Suasana rumah masih sepi, hanya ada Bi Ijah yang sibuk membuat kue di dapur. Mutia masuk ke dalam kamar, dia duduk di sudut ranjang coba menenangkan kegelisahannya lalu ia keluarkan satu tespack dari bungkusnya. Kedua matanya sudah berkaca-kaca memandang alat itu ada di genggamannya.

Mutia masuk ke dalam kamar mandi. Ia pandangi tespack itu sambil menunggu hasilnya. Mutia berdiri, berjongkok, kadang berjalan memutari kamar mandi luasnya resah, dalam hati dia memohon pada Tuhan agar dugaan itu tidak terjadi, tidak akan pernah terjadi. Mutia berdiri lalu mendekati meja wastafel, dia ambil tespack itu gemetar.
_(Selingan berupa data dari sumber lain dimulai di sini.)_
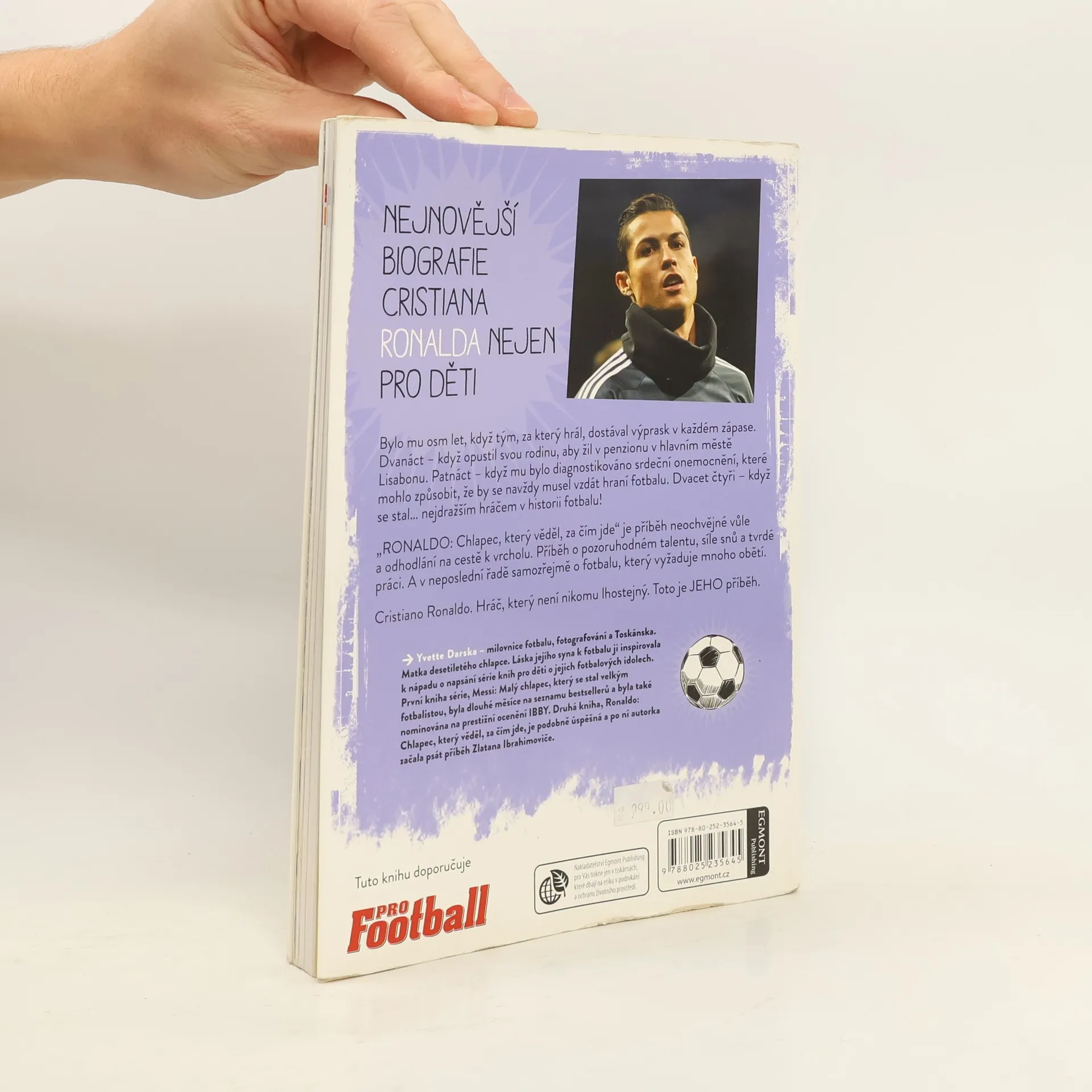 „RONALDO - Chlapec, který věděl, za čím jde“ je příběh neochvějné vůle a odhodlání na cestě k vrcholu, součást série unikátně pojatých knížek o slavných fotbalistech. Autorka vypráví o pozoruhodném talentu, síle snů, tvrdé práci a v neposlední řadě o fotbalové kariéře, která vyžaduje mnoho obětí. Kniha rovněž obsahuje spoustu málokdy publikovaných fotografií z Ronaldova dětství a dospívání. Ideální i pro mladší čtenáře!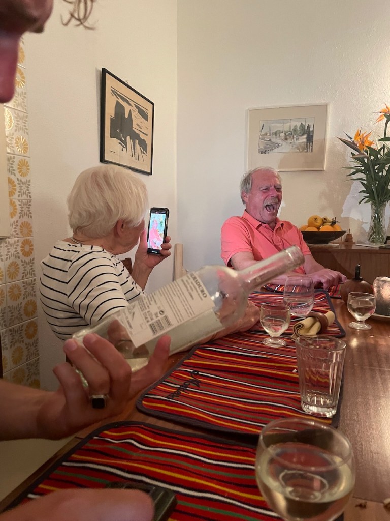 Selbstgestaltete Weinprobe, jede und jeder stellt einen Wein vor. Sehr amüsant und bestimmt komplett korrekt.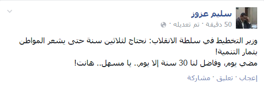 وقال الكاتب الصحفي، سليم عزوز: “وزير التخطيط في سلطة الانقلاب: نحتاج لثلاثين سنة حتى يشعر المواطن بثمار التنمية!“.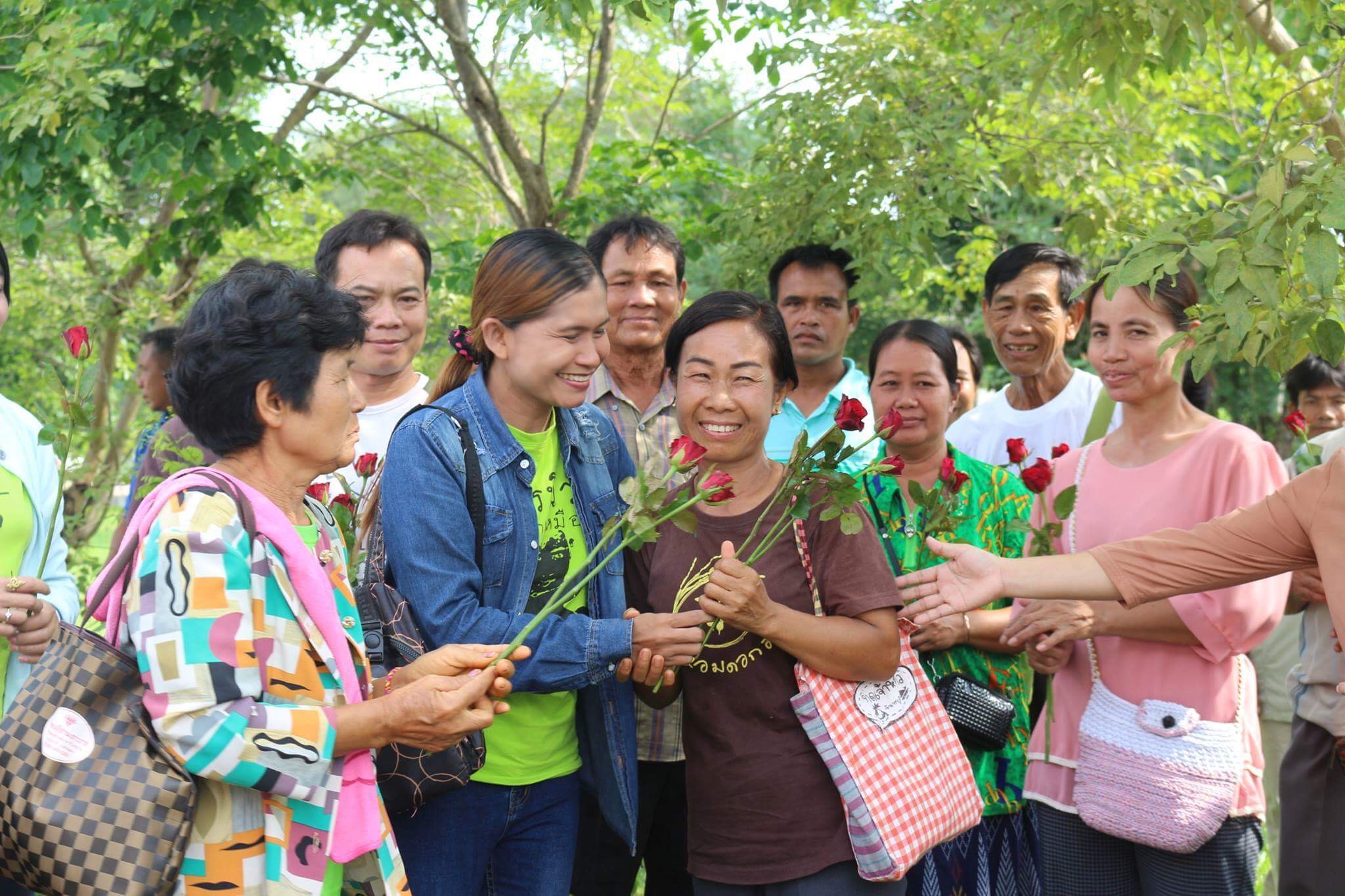Reporters described how the Sakon Nakhon Provincial Court was thronged with members from various networks in Sakon Nakhon who have come group after group to offer roses and Zinnia flowers to show their solidarity to the accused. While waiting for the hearing in front of the courtroom, Mr. Thong Chaipanha, 69 years, defendant no. 16 felt so weak and passed out. It was scorching hot in front of the room and was so crowded with a number of people who were there to attend the court’s hearing. He was taken to Sakon Rak Hospital for treatment and observation, and was allowed to return home later.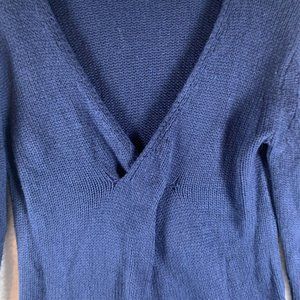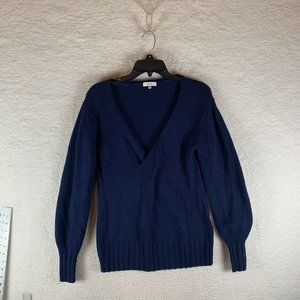 Reiss Sweater Womens Medium Navy Stretch Knit Surplice Neck Ribbed Pullover 8539.

Mutia memejamkan mata lalu membuka kedua matanya. Dia sudah mengeluarkan keberaniannya. Dia tidak mungkin hamil. Mutia yakin itu... tapi air matanya malah mengalir turun bersamaan dengan tespack yang terlepas dari jemarinya yang gemetar. Mutia tidak lagi bisa menahannya, dia berteriak kencang sambil menjambaki rambutnya.
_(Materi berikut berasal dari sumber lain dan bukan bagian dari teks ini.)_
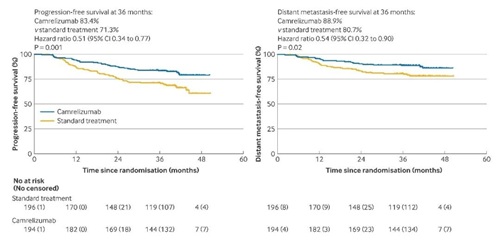 ● 中位随访39.9个月的结果显示,卡瑞利珠单抗组36个月无进展生存率高达83.4%(95% CI:78.3%-88.8%),显著高于标准治疗组的71.3%(95% CI:65.2%-77.9%),疾病复发或死亡风险降低49%(HR=0.51,95% CI:0.34-0.77,P=0.001),达到了主要研究终点。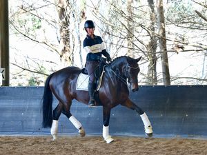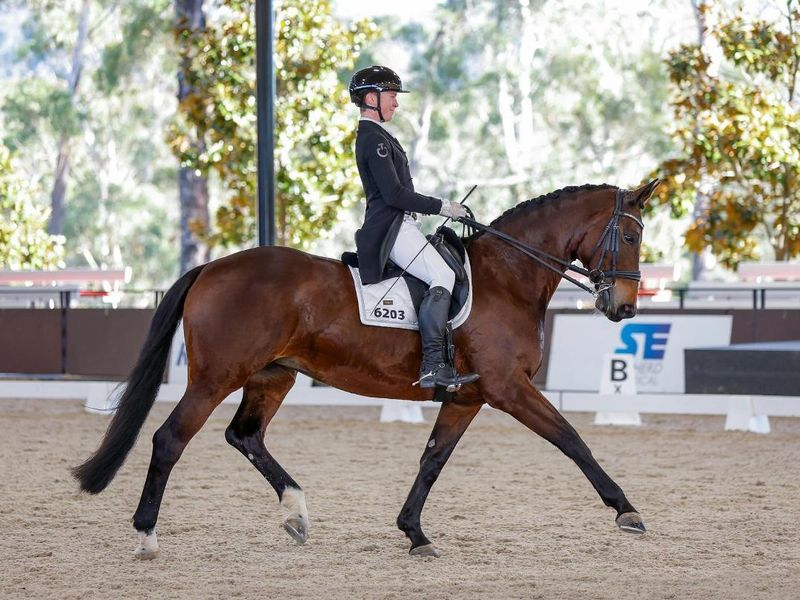 Bred from world-class lines—Danone I x BJK Charisma (by Contango II)—she combines expressive, correct movement with an outstanding temperament. Her powerful hind leg, natural swing through the back, and supple, uphill gaits remain highlights of her work, making her both eye-catching and effective in competition.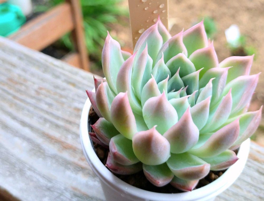 GS投稿最初の多肉に選んだ、なんとも言えない優しい美しさを見せてくれる交配苗。

Bi Ijah mendengar suara teriakan Mutia langsung meninggalkan adonan kuenya yang sedang dibuat. Bi Ijah mengetuk etuk pintu kamar Mutia yang dikunci dari dalam, tapi tidak ada jawaban. Tidak ada suara lain yang Bi Ijah dengar selain gemericik air. Bi Ijah kembali ke dapur dengan perasaan cemas, diam-diam dia memutuskan menelepon majikannya.
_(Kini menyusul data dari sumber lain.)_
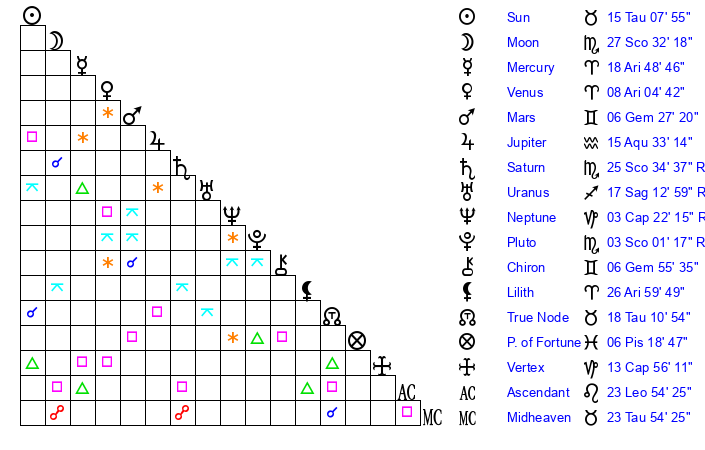 | Moon | 27 Scorpio 33 | 28 Leo 42 | 11 Taurus 12 |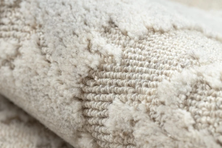 Odkurzaj dywan raz w tygodniu. Świeżą plamę zetrzyj w ciągu 15 minut — delikatnie od krawędzi do środka, nie szorując. Używaj chłodnej wody i łagodnego detergentu do wełny. Nigdy nie używaj gorącej wody oraz środków z tlenem aktywnym. Raz w roku oddaj do profesjonalnej pralni.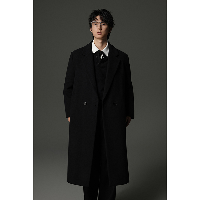 韩版 长款 呢子加厚风衣外套 2025春秋季 V37黑色高级感毛呢大衣男款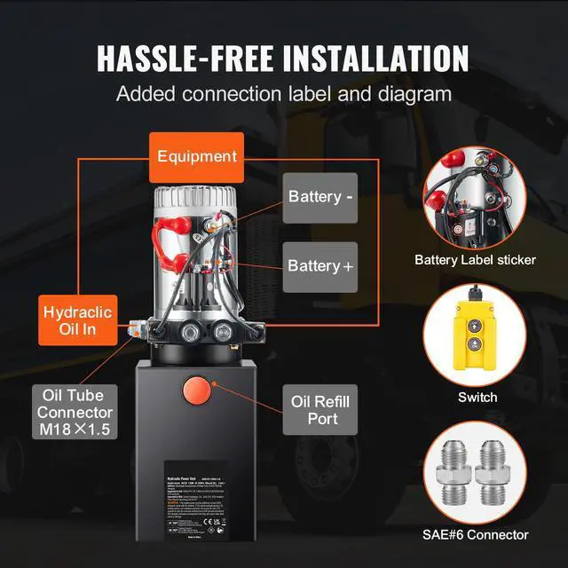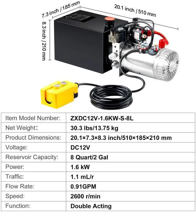 VEVOR Hydraulic Pump, 8 Quart Hydraulic Power Unit, Double Acting Dump Trailer Pump, 0.91 GPM Flow Rate, 3200 PSI Max Relief Pressure, DC 12V Hydraulic Pump for Dump Trailer Car Lifting, Heavy Machinery Made Easy, Double the Efficiency, Safety First, Professional-Grade Performance, Simplified Setup, Effortless Flow Control,

Lama Mutia menangis, hingga dia terduduk di lantai dan memandangi tespack itu. Ada dua garis merah yang menandakan jika di rahim Mutia telah hidup sebuah nyawa, milik Dassa.

Mutia membayangkan hari itu, hari di mana Roy memberikan kejutan, dan pertanyaan yang pasti membuat semua wanita di dunia ini merasa sangat bahagia mendengarnya, "Aku mau selamanya sama kamu..."

Mutia bahkan tidak bereaksi apa apa saat itu, tidak berusaha memberikan jawaban, tidak berusaha mencegah Roy agar tidak kecewa. Mutia tidak mampu, dan semakin tak bisa berbuat apa apa setelah ini dua garis merah ini. Mutia memeluk kedua lututnya dan kembali menangis. Hanya itu yang bisa dia lakukan.

Tiba tiba suara ponsel Mutia yang tergeletak di atas ranjang berdering, terus berdering memekakan telinga. Mutia coba berdiri, sambil mengusapi wajahnya yang entah seberantakan apa. Dia melihat nama Roy di ponsel. Dia genggam ponsel itu, ada perasaan untuk mengatakan yang sejujurnya... Apa yang terjadi padanya, apa yang sudah dilakukan Dassa...

"Hallo," kata Mutia.

"Aku mau kita ketemu sekarang," minta Roy.

"Aku... Aku gak bisa Roy," suara Mutia lirih, coba menyembunyikan sesegukannya yang takut terdengar oleh Roy.

"Apa sih mau kamu Mutia?! Kamu sengaja bersikap begini buat nyakitin aku, iya?! Kamu bisa bayangin gak gimana kecewanya aku?!"

"Roy... Aku... Kamu dengar dulu penjelasan aku,"

"Ya sekarang kita ketemu!" Suara Roy terdengar marah.

"Aku..."

"Kamu gak bisa?! Iya kan?! Jadi bener kata papaku kalau kamu cuma mau main-main kan sama perasaan aku?! Kamu gak tau gimana besarnya perasaan aku sama kamu?!"

"Roy... Denger aku dulu..." Nada Mutia memohon.

"Kalau kamu sayang sama aku, kamu gak akan diam begini, kamu akan berusaha kasih aku penjelasan! Aku kecewa sama kamu Mutia, aku kecewa!"

Tut...Tut...Tut...

Roy mematikan telepon itu lebih dulu.